▸ **Task directions**
Down to the last line, restate the records below word for word, dropping every image.

■ ■ ■ ■

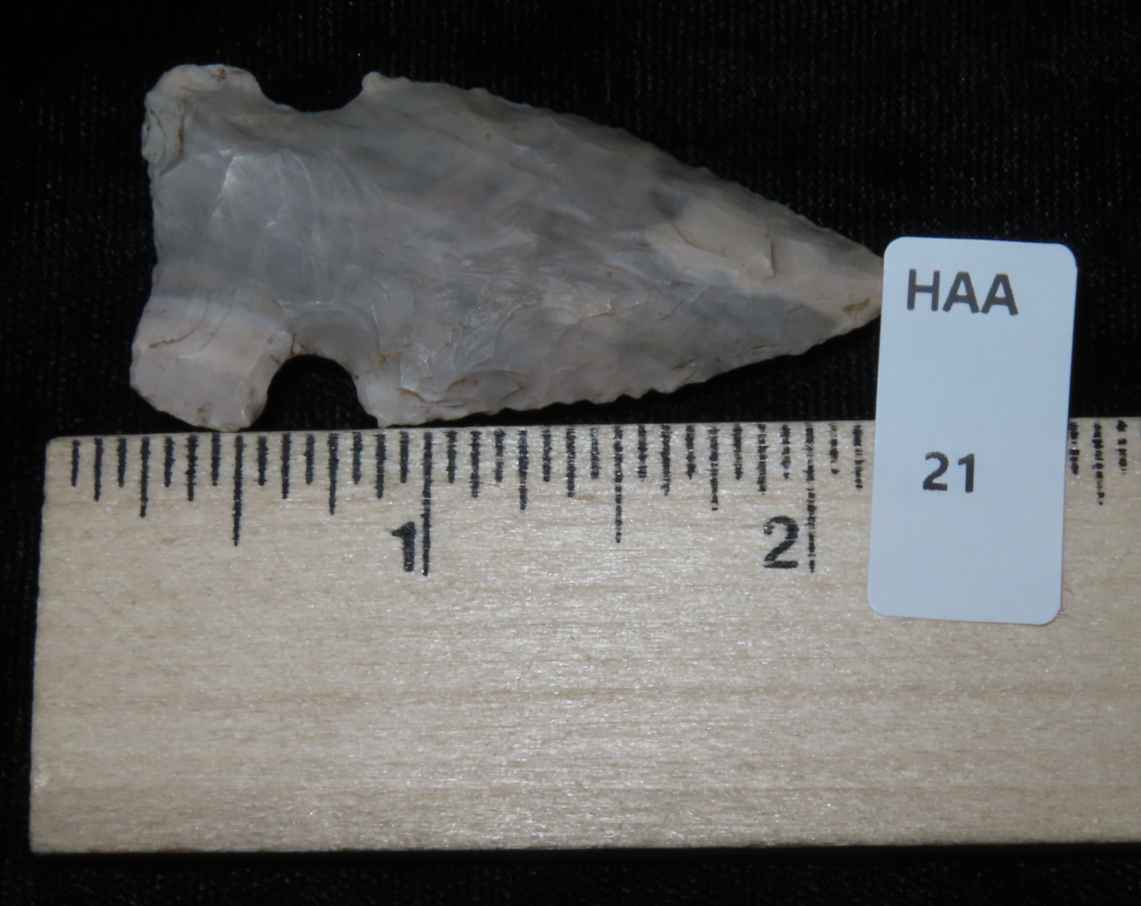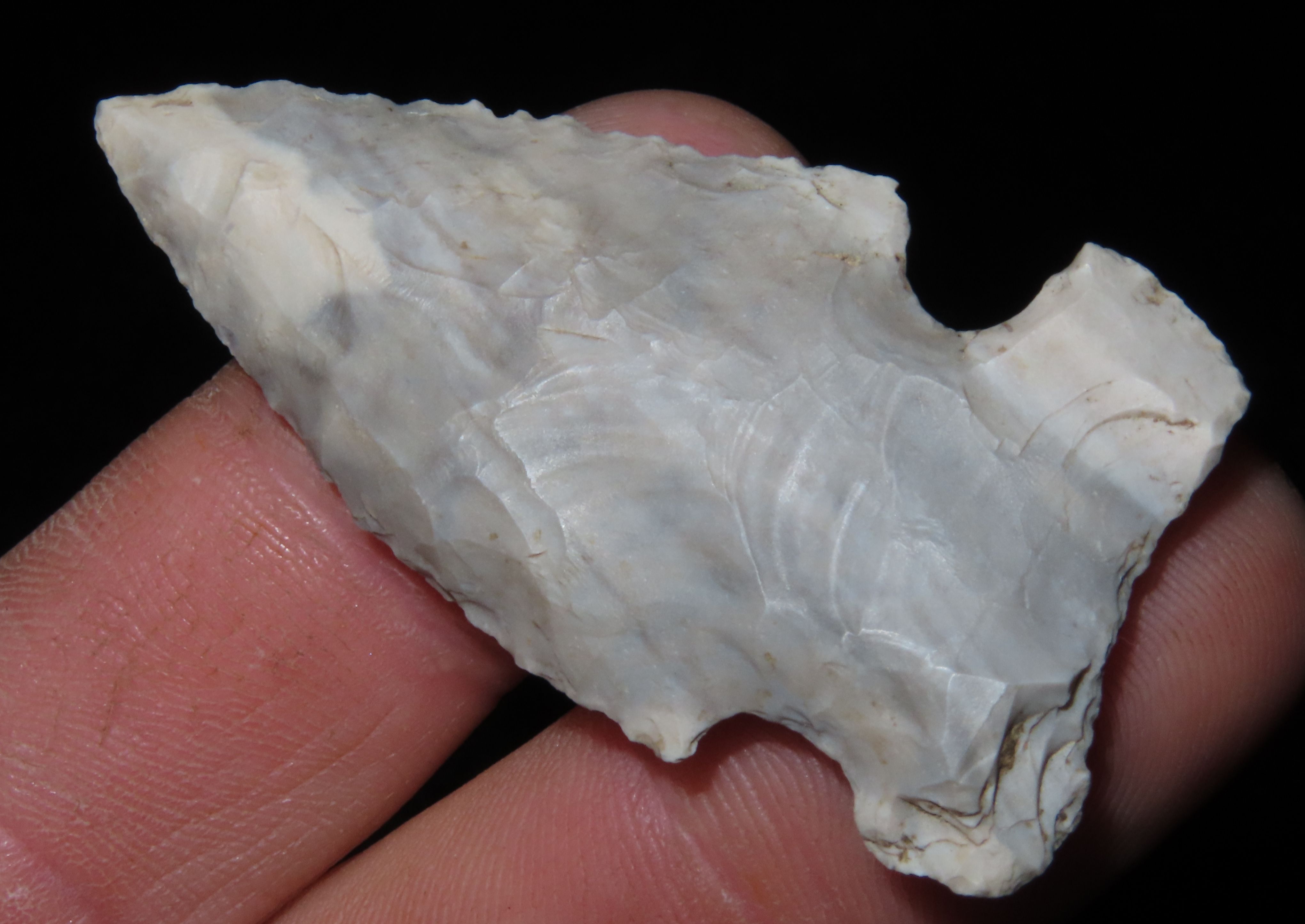 2 1/8″ HOWARD COUNTY / OSCEOLA FOUND IN COOPER COUNTY MISSOURI, REALLY WELL FLAKED EXAMPLE WITH NICE COLOR, INDIAN ARROWHEAD, ARTIFACT
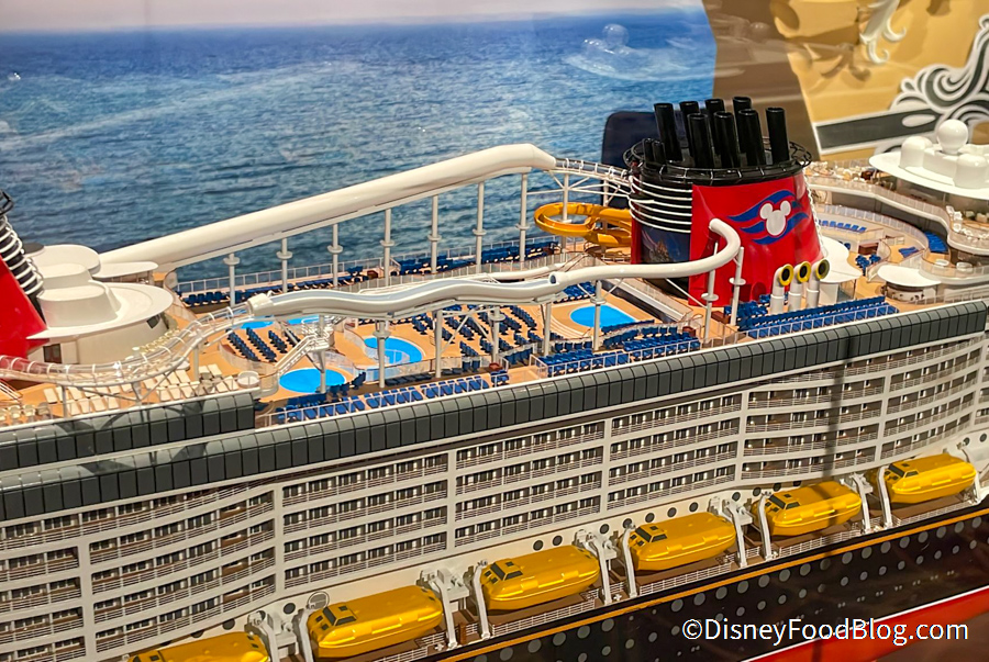 You’ll encounter Disney characters and sea creatures alike in a “wild water ride” that loops 760 feet around the upper deck. And, as you can see in the photo below, the ride even takes you sailing OVER the side of the ship in a completely clear tube for some unbelievable views!
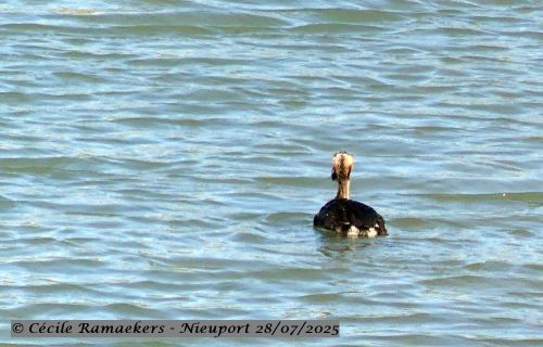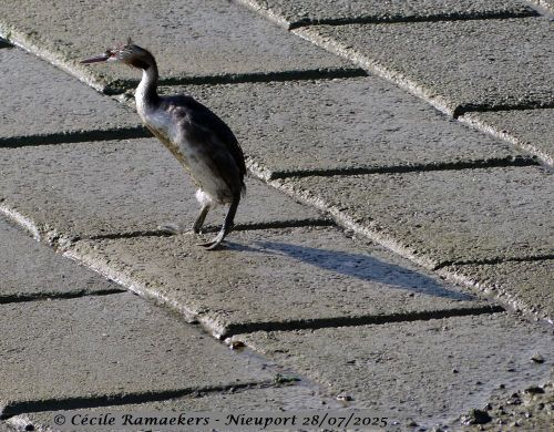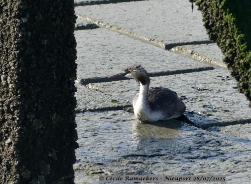 La séquence dure cinq à six minutes, largement le temps de prendre des photos et de filmer deux courts instants. Le grèbe n’est pas fait pour marcher : ses pattes palmées sont conçues pour nager et plonger, implantées très en arrière sur le corps. Sur le moment, je pense qu’il s’agit d’un jeune qui n’a qu’une seule envie : se sécher au soleil. L’obstination de la jeunesse fait qu’il s’entête à grimper sur les pierres. Il nageait correctement, il plongeait, il a volé sans difficulté. Ses chutes semblent plutôt dues au manque d’appui, ses pattes posées parfois entre deux pierres, que témoignant d’une blessure grave. Il était seul, pas harcelé par les autres oiseaux. Après une dizaine de pas maladroits, il s’arrête, se repose quelques secondes au soleil, puis il vole jusqu’au bord de l’eau et se couche, avant de regagner la surface.
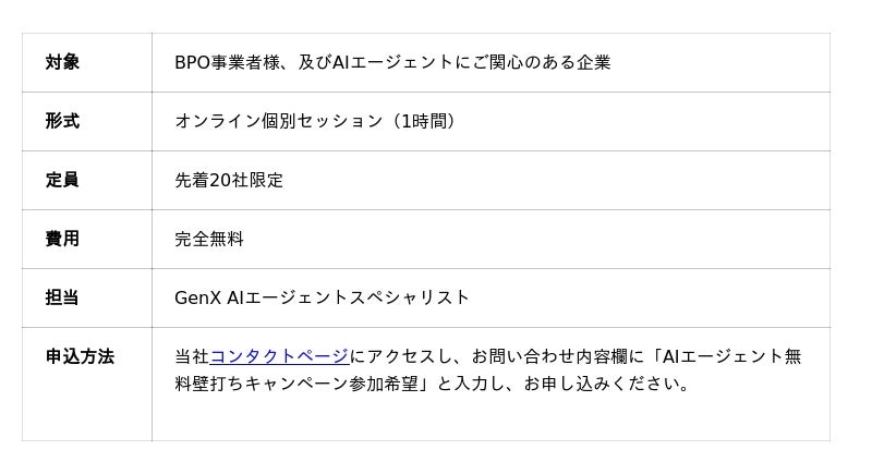 GenXは今回、BPO事業者様をはじめ、AIエージェントにご関心のある企業を対象に「自社の業務にAIを取り込む可能性」を具体的に見極められるよう、AIエージェントのスペシャリストによる1時間の無料個別相談を提供します。[表: https://prtimes.jp/data/corp/165900/table/11_1_638ec22b3b401e13934d4787a91aece7.jpg?v=202603180345 ]
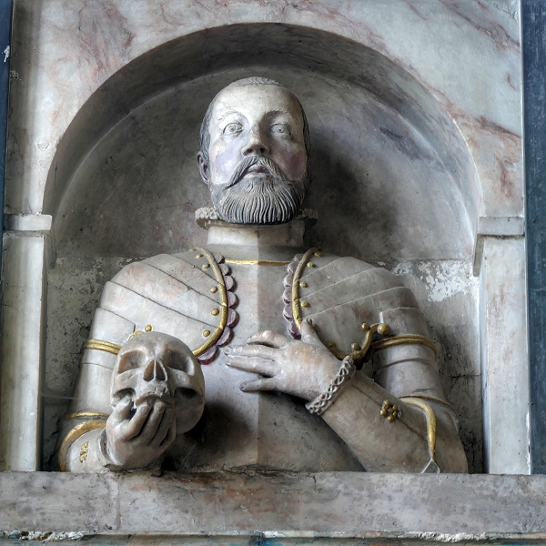 St Mary the Virgin, Goudhurst, Culpeper Grabmal: Büste von Sir Thomas Culpeper (1514-58), Sheriff unter Edward VI. ...
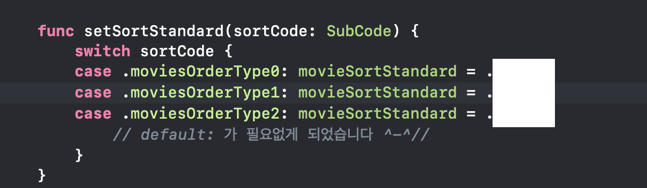 그것은 바로! Enum Switch문 혼용으로 default분지를 제거하고 깔끔하게 코딩을 짜내는 방법입니다. 초보자분들은 유용하게 활용 가능하실 겁니다. Enum이 Swift에선 정말 자주 사용되기 때문입니다.
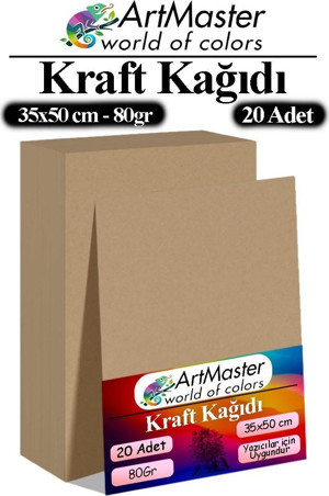ArtMaster Kraft Kağıdı 35x50 cm 20 Adet 80 Gr Hediye Paketleme Kagıdı Çeyiz Kaplama Kağıt Saman Kağıt Çizim Kağıdı
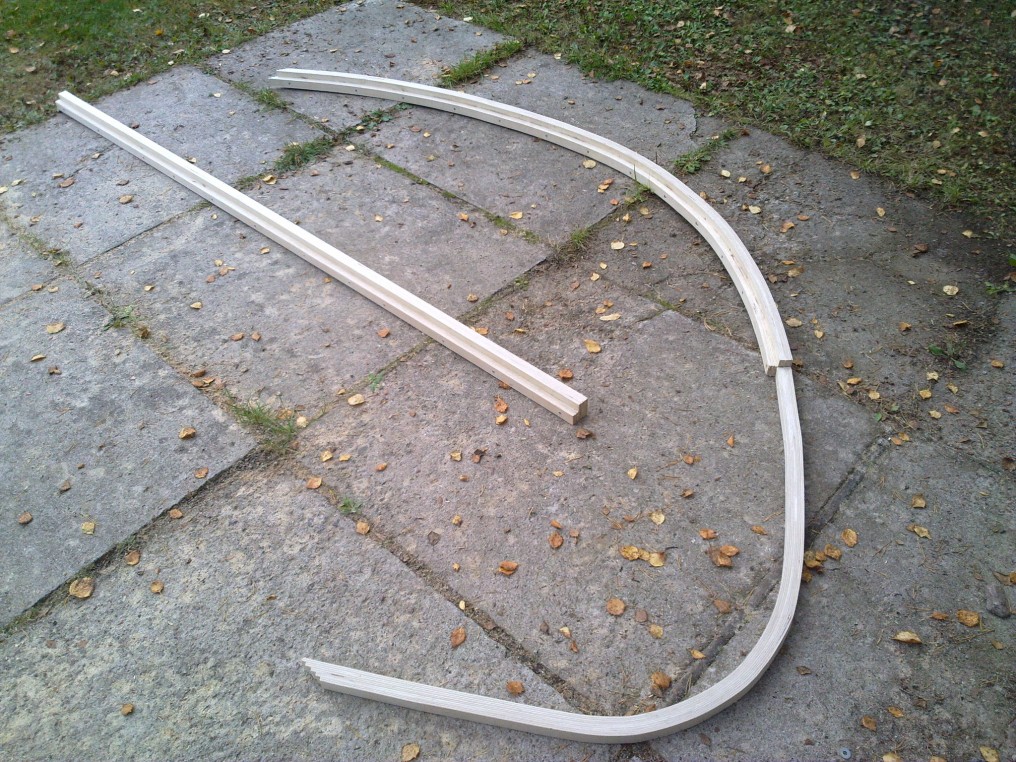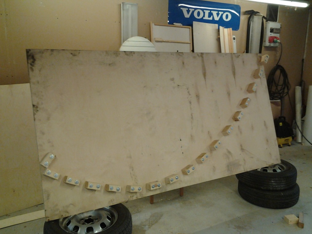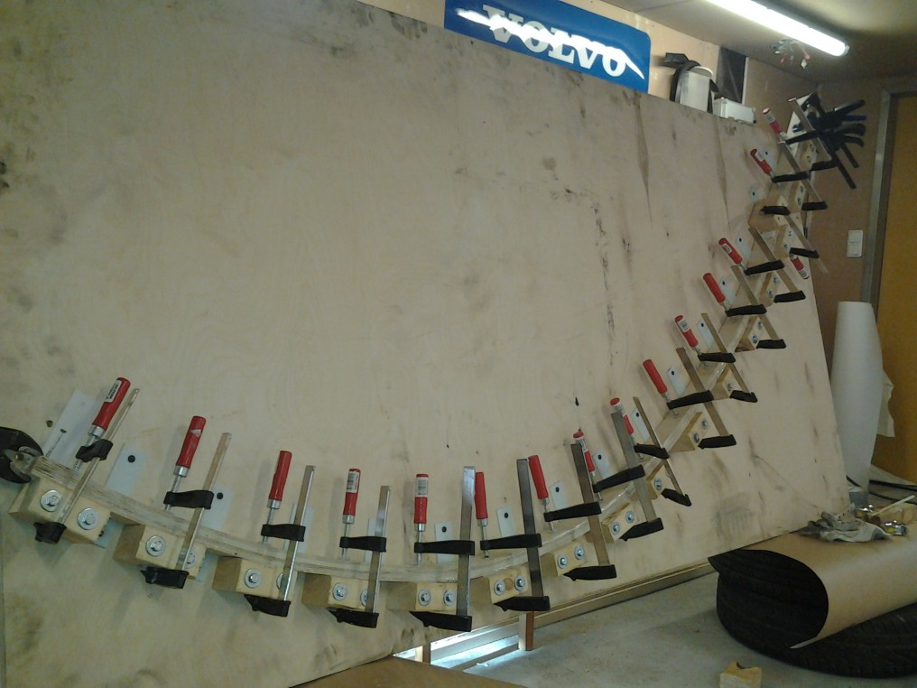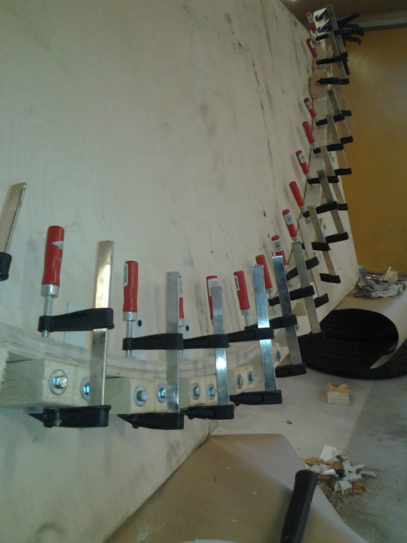 Ja siinäpä rupesi vaneri-suikaleet saamaan muotoa liiman ja puristimien avulla. Lisäksi laitoin jokusen rosteriruuvin kaareen säännölisin välein:
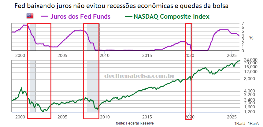 Além disso, a história nos oferece um aviso contra-intuitivo: os cortes de juros do Fed não são a salvação, mas sim uma confissão velada de que algo já quebrou irreparavelmente.
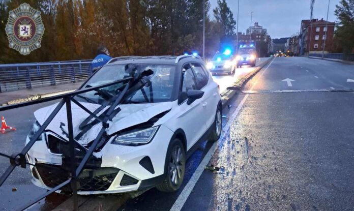 El siniestro ha tenido lugar en torno a las 07.22 horas de este sábado y según se puede ver en las imágenes, un turismo ha impactado contra la valla metálica situada en la mediana de la calzada, que ha atravesado la luna del vehículo.
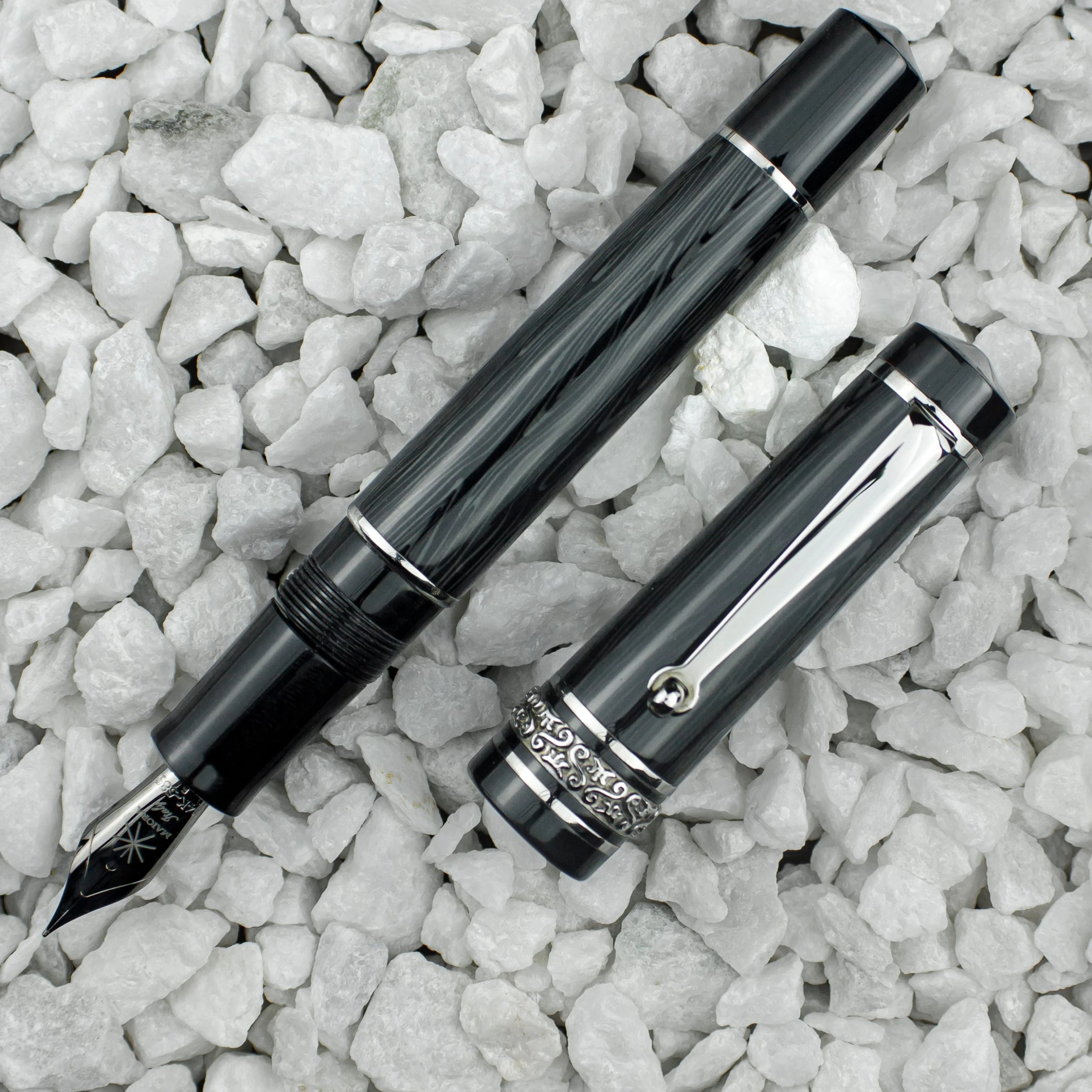 Each pen is fitted with a 14k gold, ruthenium-plated nib.
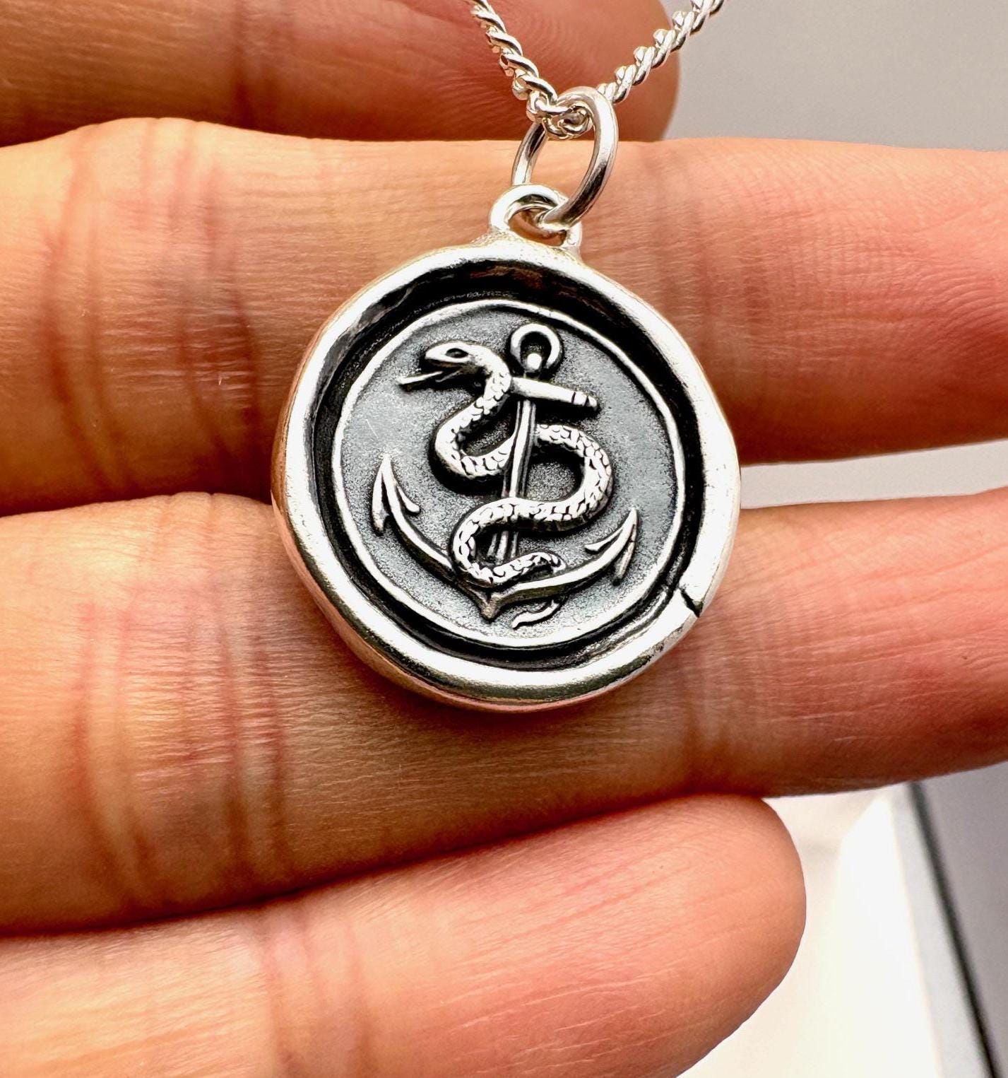 Solid Silver Anchor & Serpent Necklace • Wax Seal Pendant of Strength & Wisdom • Handmade Nautical Jewelry by Liliane Ting

■ ■ ■ ■

▸ **Result**
 2 1/8″ HOWARD COUNTY / OSCEOLA FOUND IN COOPER COUNTY MISSOURI, REALLY WELL FLAKED EXAMPLE WITH NICE COLOR, INDIAN ARROWHEAD, ARTIFACT
 You’ll encounter Disney characters and sea creatures alike in a “wild water ride” that loops 760 feet around the upper deck. And, as you can see in the photo below, the ride even takes you sailing OVER the side of the ship in a completely clear tube for some unbelievable views!
 La séquence dure cinq à six minutes, largement le temps de prendre des photos et de filmer deux courts instants. Le grèbe n’est pas fait pour marcher : ses pattes palmées sont conçues pour nager et plonger, implantées très en arrière sur le corps. Sur le moment, je pense qu’il s’agit d’un jeune qui n’a qu’une seule envie : se sécher au soleil. L’obstination de la jeunesse fait qu’il s’entête à grimper sur les pierres. Il nageait correctement, il plongeait, il a volé sans difficulté. Ses chutes semblent plutôt dues au manque d’appui, ses pattes posées parfois entre deux pierres, que témoignant d’une blessure grave. Il était seul, pas harcelé par les autres oiseaux. Après une dizaine de pas maladroits, il s’arrête, se repose quelques secondes au soleil, puis il vole jusqu’au bord de l’eau et se couche, avant de regagner la surface.
 GenXは今回、BPO事業者様をはじめ、AIエージェントにご関心のある企業を対象に「自社の業務にAIを取り込む可能性」を具体的に見極められるよう、AIエージェントのスペシャリストによる1時間の無料個別相談を提供します。[表: https://prtimes.jp/data/corp/165900/table/11_1_638ec22b3b401e13934d4787a91aece7.jpg?v=202603180345 ]
 St Mary the Virgin, Goudhurst, Culpeper Grabmal: Büste von Sir Thomas Culpeper (1514-58), Sheriff unter Edward VI. ...
 그것은 바로! Enum Switch문 혼용으로 default분지를 제거하고 깔끔하게 코딩을 짜내는 방법입니다. 초보자분들은 유용하게 활용 가능하실 겁니다. Enum이 Swift에선 정말 자주 사용되기 때문입니다.
ArtMaster Kraft Kağıdı 35x50 cm 20 Adet 80 Gr Hediye Paketleme Kagıdı Çeyiz Kaplama Kağıt Saman Kağıt Çizim Kağıdı
 Ja siinäpä rupesi vaneri-suikaleet saamaan muotoa liiman ja puristimien avulla. Lisäksi laitoin jokusen rosteriruuvin kaareen säännölisin välein:
 Além disso, a história nos oferece um aviso contra-intuitivo: os cortes de juros do Fed não são a salvação, mas sim uma confissão velada de que algo já quebrou irreparavelmente.
 El siniestro ha tenido lugar en torno a las 07.22 horas de este sábado y según se puede ver en las imágenes, un turismo ha impactado contra la valla metálica situada en la mediana de la calzada, que ha atravesado la luna del vehículo.
 Each pen is fitted with a 14k gold, ruthenium-plated nib.
 Solid Silver Anchor & Serpent Necklace • Wax Seal Pendant of Strength & Wisdom • Handmade Nautical Jewelry by Liliane Ting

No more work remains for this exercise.